After seeing the thoughtful nifty comments Lois has been kind enough to make on my posts about the Vorkosigan books, I thought she might be willing to answer some direct questions about writing the series. You can tell by reading her books that she’s wise and thoughtful and funny, but you’d never guess how modest she is about her own achievements.
Jo: You wrote the beginning of the series really seriously out of chronological order. Why did you do that?
LMB: Random chance, mostly. The first three books were written on spec, without assurance that all or even any would ever sell, or in what combinations. Shards of Honor was simply a first novel, with no certainty of even reaching its own end (which, indeed, it overshot in its first draft, up to what is now Chapter 8 or so of Barrayar.) The Warrior’s Apprentice flowed directly from Shards—the first scene to bloom in my head, which the book was eventually written to reach (much mutated by then), was the death of Bothari, defending Miles. Then I went back and found the beginning, and the rest is history.
Because nothing had sold by the time I finished WA, Ethan of Athos was written to stand alone (yet be optionally part of the future history/series), and to be short, because the current cargo-cult rumor amongst the wanna-be-published back then was that editors would be more likely to read a short manuscript out of their shush piles first.
Falling Free started with the idea of Arde Mayhew, the obsolete jump pilot from WA, going off to find an RG ship at some interstellar junk dealers who were themselves obsolete bioengineering. It became FF via a couple of phone conversations with Jim Baen, in which he more-or-less encouraged me to forget Arde and concentrate on the quaddies, and I again reasoned my way back to their beginnings to start. (I wanted to be sure if I wrote something, it would be something Jim wanted to buy.

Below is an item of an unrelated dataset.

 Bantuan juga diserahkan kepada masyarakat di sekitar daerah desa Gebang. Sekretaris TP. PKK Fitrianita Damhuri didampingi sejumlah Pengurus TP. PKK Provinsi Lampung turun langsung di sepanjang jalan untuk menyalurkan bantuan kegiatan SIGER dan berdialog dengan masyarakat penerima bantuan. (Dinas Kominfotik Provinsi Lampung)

This issue was of somewhat less concern a decade later.) FF kinda wanted to be a trilogy (following some sort of “escape from Pharaoh – 40 years in the wilderness – arrival at Canaan” template), but I got distracted, plus I didn’t want to spend 40 years in the wilderness. Brothers in Arms, the next to be written (after the novella “Borders of Infinity” which was written during a break in the first third of FF) started with a piece of music that triggered a mental picture of a rather cocky Miles, and some Dendarii, that somehow became the opening set-up of the book. I’m not sure I’d even thought of Mark at the time I began the opening chapters.

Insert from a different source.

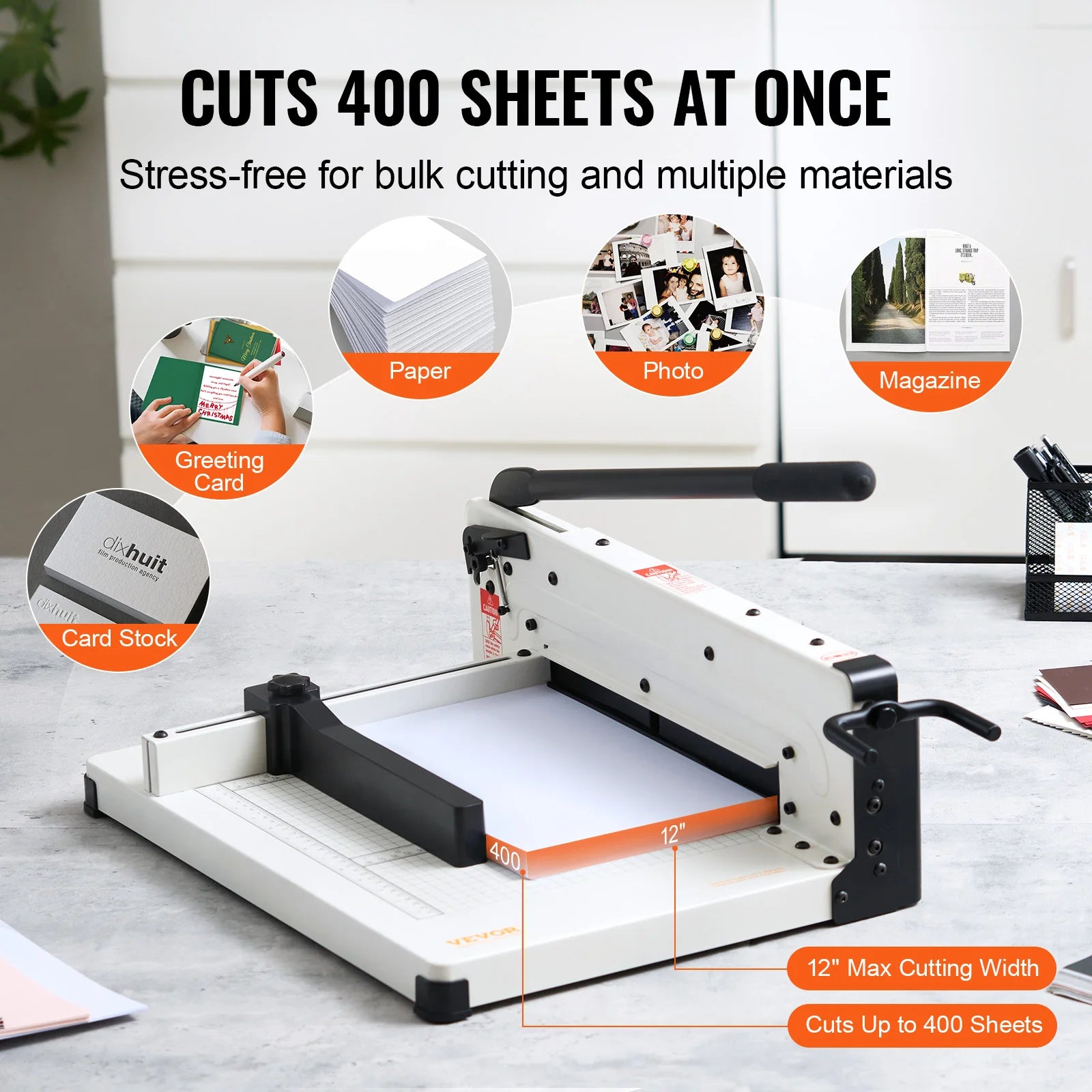 - 1 x VEVOR Řezací stroj na papír (12–17 palců, kapacita 400 listů)

The Vor Game, next, therefore was a prequel, written to answer the question, “So, just how did Miles get from the end of WA, where we left him at the space academy, to the position of the seasoned mercenary commander we just saw in the last two tales?”
And Barrayar (another prequel) was written to recycle the cut-off end of the original Shards, because I was desperately broke and looking to fake some speed of production.
No grand plans, I’m afraid, although I did make some joking remark to Jim Baen about “a Miles decalogy” at one point (over breakfast at WorldCon 1986, iirc.) Then I broke off to write The Spirit Ring, something completely different. For a while, it wanted to spawn a sequel set in Venice, but that idea died.
I had the notion for something my three pages of penciled notes called “Simon Illyan’s memory chip goes glitchy,” which involved Miles, still firmly in the Dendarii, escorting the chip-damaged Illyan to Illyrica for repairs. But in plot-noodling with my friend Pat Wrede, who had listened to me complaining about the constraints of prequels a couple of times by now, she strongly suggested that if I were going to do something more with Mark and have it matter, it needed to be next. So then I started on Mirror Dance, with the earliest notions for Memory already in mind. By the time I arrived back at them, everything was changed, especially me; for one thing, I’d gone from 20-years-married to thankfully divorced in the interim. Big, big identity change there. Cetaganda was vamping, while things settled down and I got a grip on the next phase of my life.
It all looks inevitable only in retrospect.
Jo: How much did you know about the books you hadn’t written yet?
LMB: Rags and snatches, many of which turned out to be incomplete or just plain wrong by the time I arrived somewhere completely else, dumped out unceremoniously at some unexpected destination by the book just completed.
The books first turn up as fragmentary pictures in my head, usually, disconnected scenes that I then have to explain to myself, and eventually the reader. They don’t turn up all at once, of course, or my head would explode; just the opening, and a notion of the direction or ending (sometimes). Finer-grained visions turn up en route, stirred up by the writing itself, which would not come if I just sat down and waited for them. Some of the early discards were quite elaborate scenarios. (For example, the Miles-becomes-emperor one, ending in his assassination not gonna happen. An early and dreadful romance notion, and so on.) Sometimes it’s just an evocative, free-floating phrase, like, “Miles and Ivan attend the Cetagandan state funeral.” Sometimes a picture sits around in my head for years, nearly forgotten, and suddenly attaches to a work in progress or in embryo. Part of the opening scene of the current work is one of those. Its setting is another.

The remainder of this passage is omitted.